- Opening Delimiter -
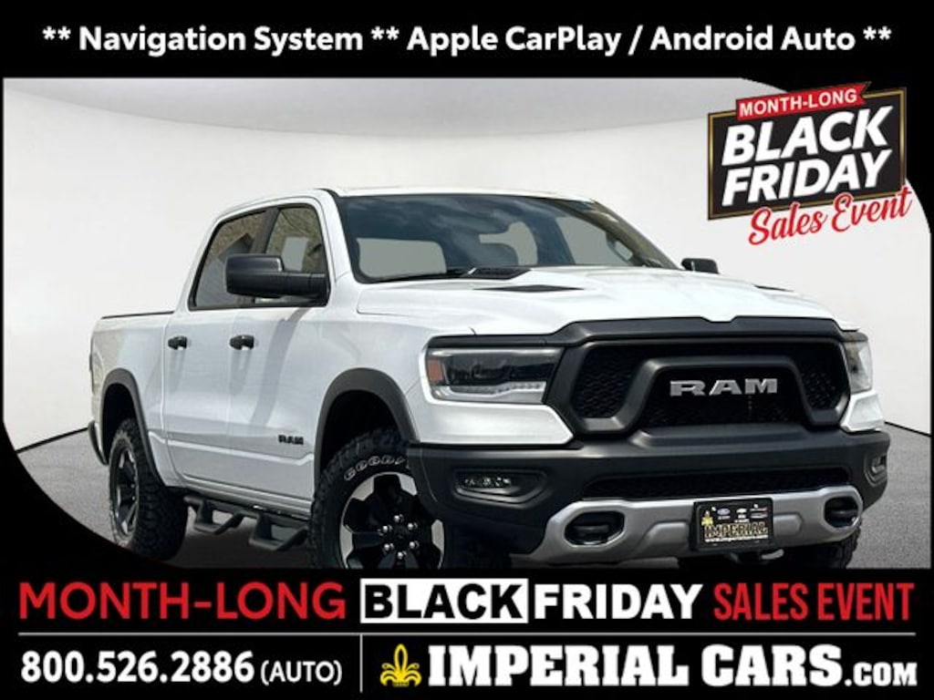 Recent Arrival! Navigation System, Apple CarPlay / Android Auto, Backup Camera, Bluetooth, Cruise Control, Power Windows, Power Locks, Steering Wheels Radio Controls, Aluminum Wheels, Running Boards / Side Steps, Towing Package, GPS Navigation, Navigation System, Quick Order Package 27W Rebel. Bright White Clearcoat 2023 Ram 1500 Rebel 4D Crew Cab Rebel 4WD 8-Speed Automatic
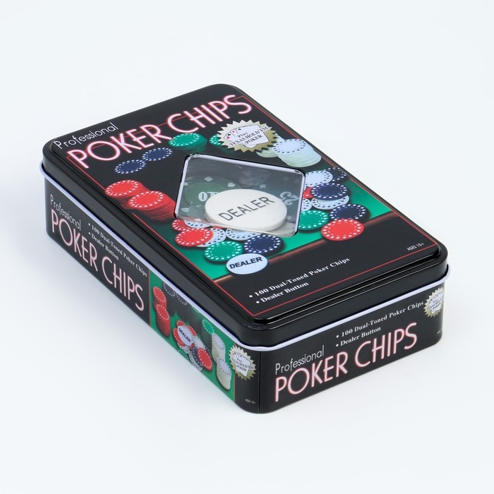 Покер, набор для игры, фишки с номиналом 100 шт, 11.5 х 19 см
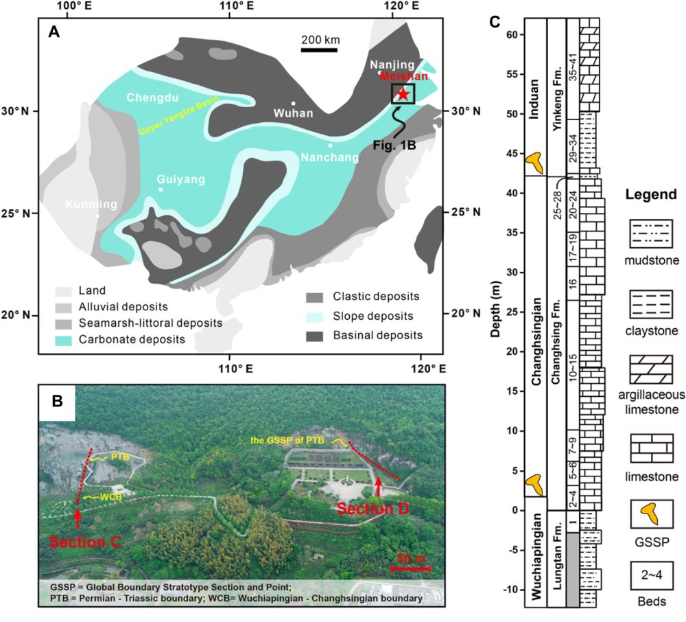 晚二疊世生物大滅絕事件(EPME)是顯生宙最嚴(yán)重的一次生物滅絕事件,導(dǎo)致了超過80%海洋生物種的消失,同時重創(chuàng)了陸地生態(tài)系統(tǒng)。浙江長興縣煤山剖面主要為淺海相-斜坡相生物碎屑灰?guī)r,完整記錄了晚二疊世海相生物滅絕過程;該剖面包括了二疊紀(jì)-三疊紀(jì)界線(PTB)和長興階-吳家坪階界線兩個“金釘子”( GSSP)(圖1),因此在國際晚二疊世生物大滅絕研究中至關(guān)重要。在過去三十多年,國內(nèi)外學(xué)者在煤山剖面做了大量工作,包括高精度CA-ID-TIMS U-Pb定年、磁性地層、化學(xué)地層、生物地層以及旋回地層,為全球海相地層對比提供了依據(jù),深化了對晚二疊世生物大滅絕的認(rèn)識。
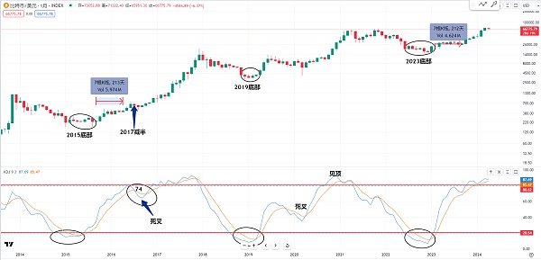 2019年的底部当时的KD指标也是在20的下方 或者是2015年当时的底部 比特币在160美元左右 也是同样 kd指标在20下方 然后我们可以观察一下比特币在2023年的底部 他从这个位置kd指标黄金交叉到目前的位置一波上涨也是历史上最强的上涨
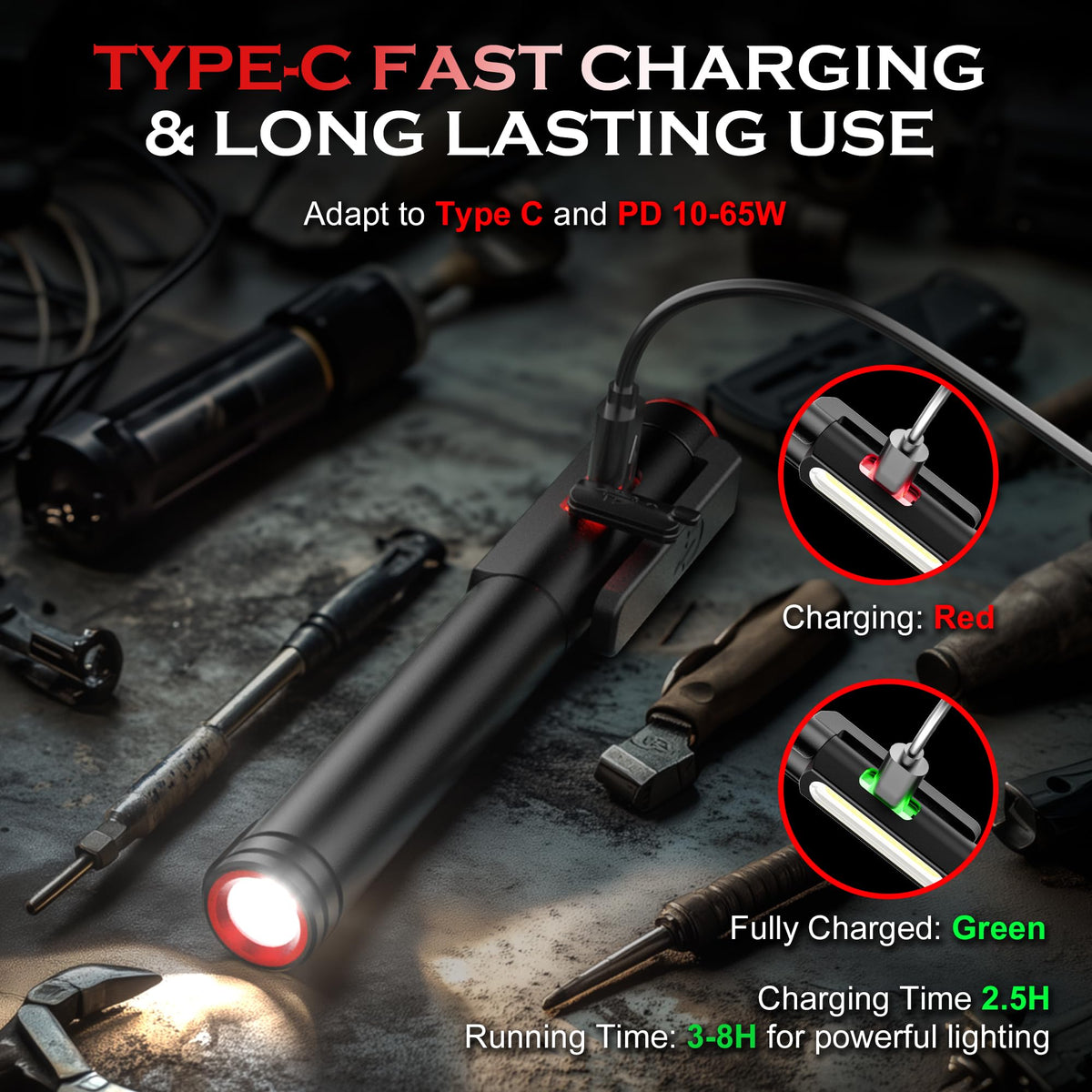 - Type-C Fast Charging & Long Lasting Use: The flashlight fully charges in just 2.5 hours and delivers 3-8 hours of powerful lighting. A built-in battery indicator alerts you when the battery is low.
- Closing Delimiter -
- Opening Delimiter -
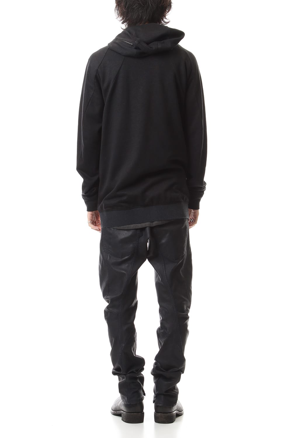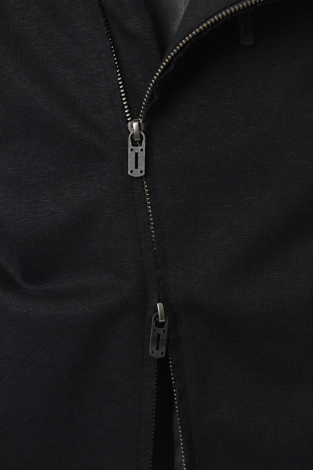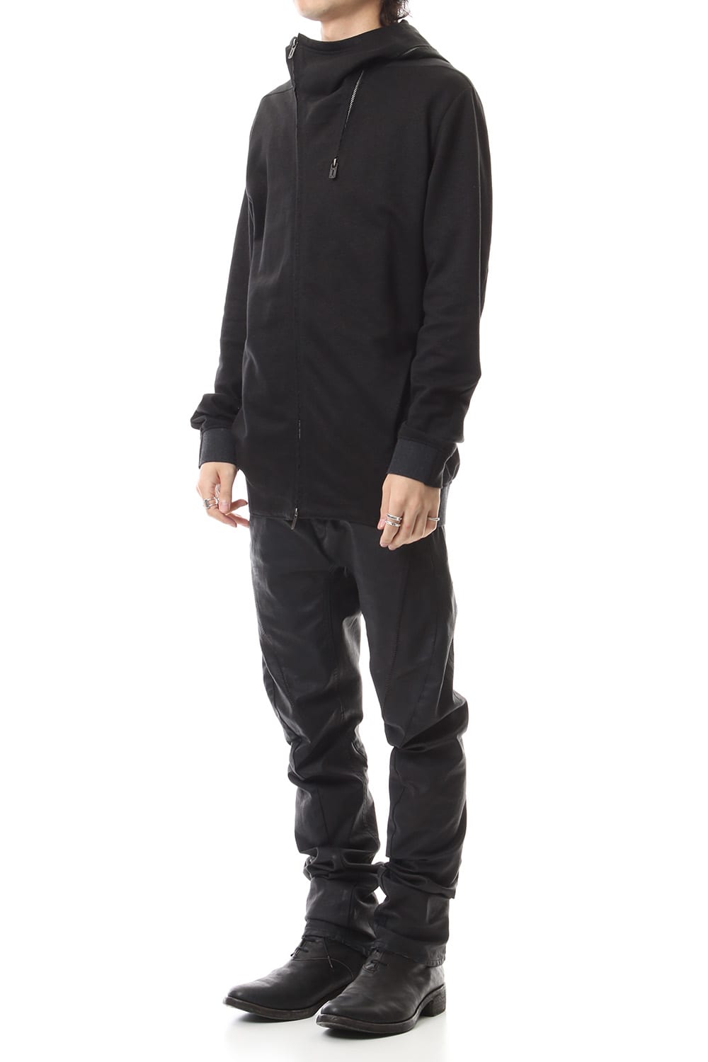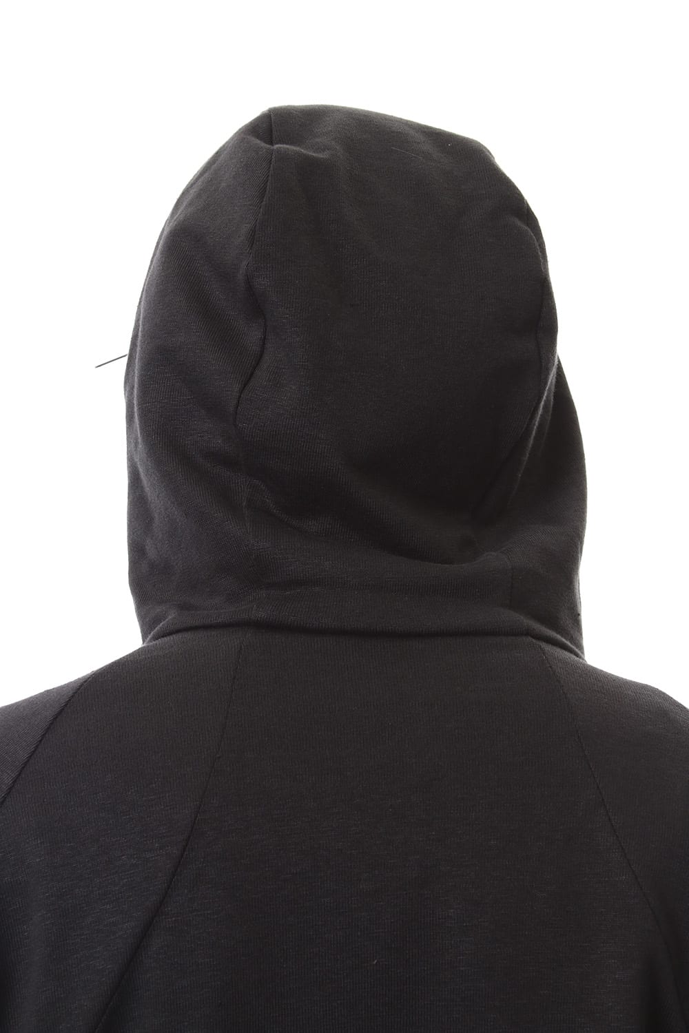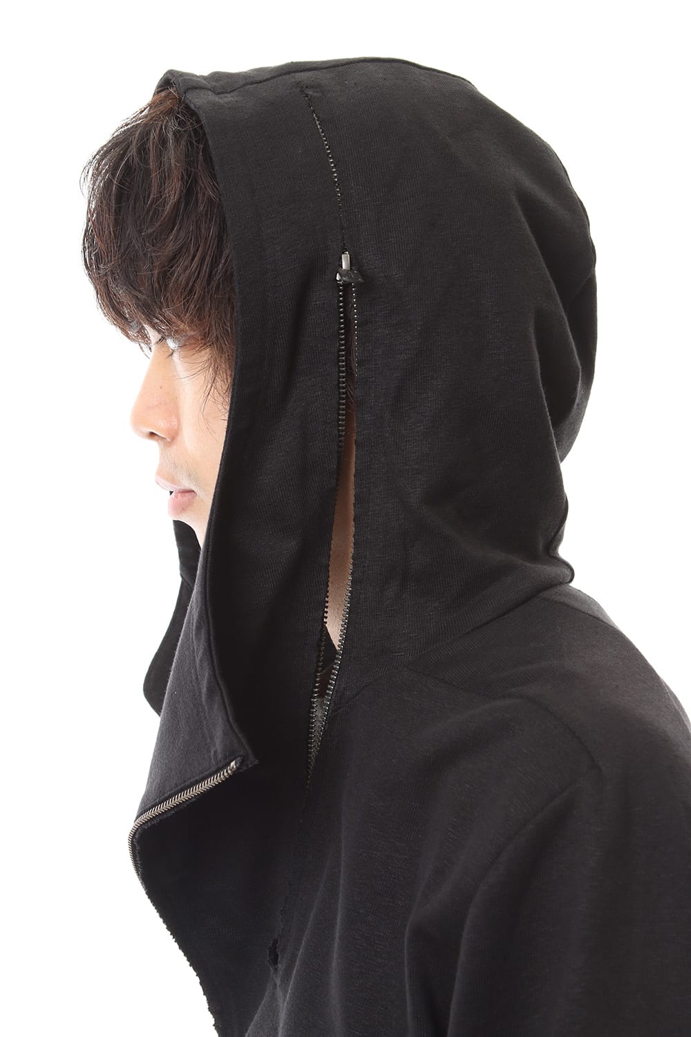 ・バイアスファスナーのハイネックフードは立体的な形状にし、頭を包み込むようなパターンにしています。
- Closing Delimiter -
§ **PROBLEM**
Please copy out from the data above, without any picture, exactly the lines running from the one that holds "Покер, набор для" through the one that holds "- Type-C Fast", and nothing beyond them.

§ **RESPONSE**
 Покер, набор для игры, фишки с номиналом 100 шт, 11.5 х 19 см
 晚二疊世生物大滅絕事件(EPME)是顯生宙最嚴(yán)重的一次生物滅絕事件,導(dǎo)致了超過80%海洋生物種的消失,同時重創(chuàng)了陸地生態(tài)系統(tǒng)。浙江長興縣煤山剖面主要為淺海相-斜坡相生物碎屑灰?guī)r,完整記錄了晚二疊世海相生物滅絕過程;該剖面包括了二疊紀(jì)-三疊紀(jì)界線(PTB)和長興階-吳家坪階界線兩個“金釘子”( GSSP)(圖1),因此在國際晚二疊世生物大滅絕研究中至關(guān)重要。在過去三十多年,國內(nèi)外學(xué)者在煤山剖面做了大量工作,包括高精度CA-ID-TIMS U-Pb定年、磁性地層、化學(xué)地層、生物地層以及旋回地層,為全球海相地層對比提供了依據(jù),深化了對晚二疊世生物大滅絕的認(rèn)識。
 2019年的底部当时的KD指标也是在20的下方 或者是2015年当时的底部 比特币在160美元左右 也是同样 kd指标在20下方 然后我们可以观察一下比特币在2023年的底部 他从这个位置kd指标黄金交叉到目前的位置一波上涨也是历史上最强的上涨
 - Type-C Fast Charging & Long Lasting Use: The flashlight fully charges in just 2.5 hours and delivers 3-8 hours of powerful lighting. A built-in battery indicator alerts you when the battery is low.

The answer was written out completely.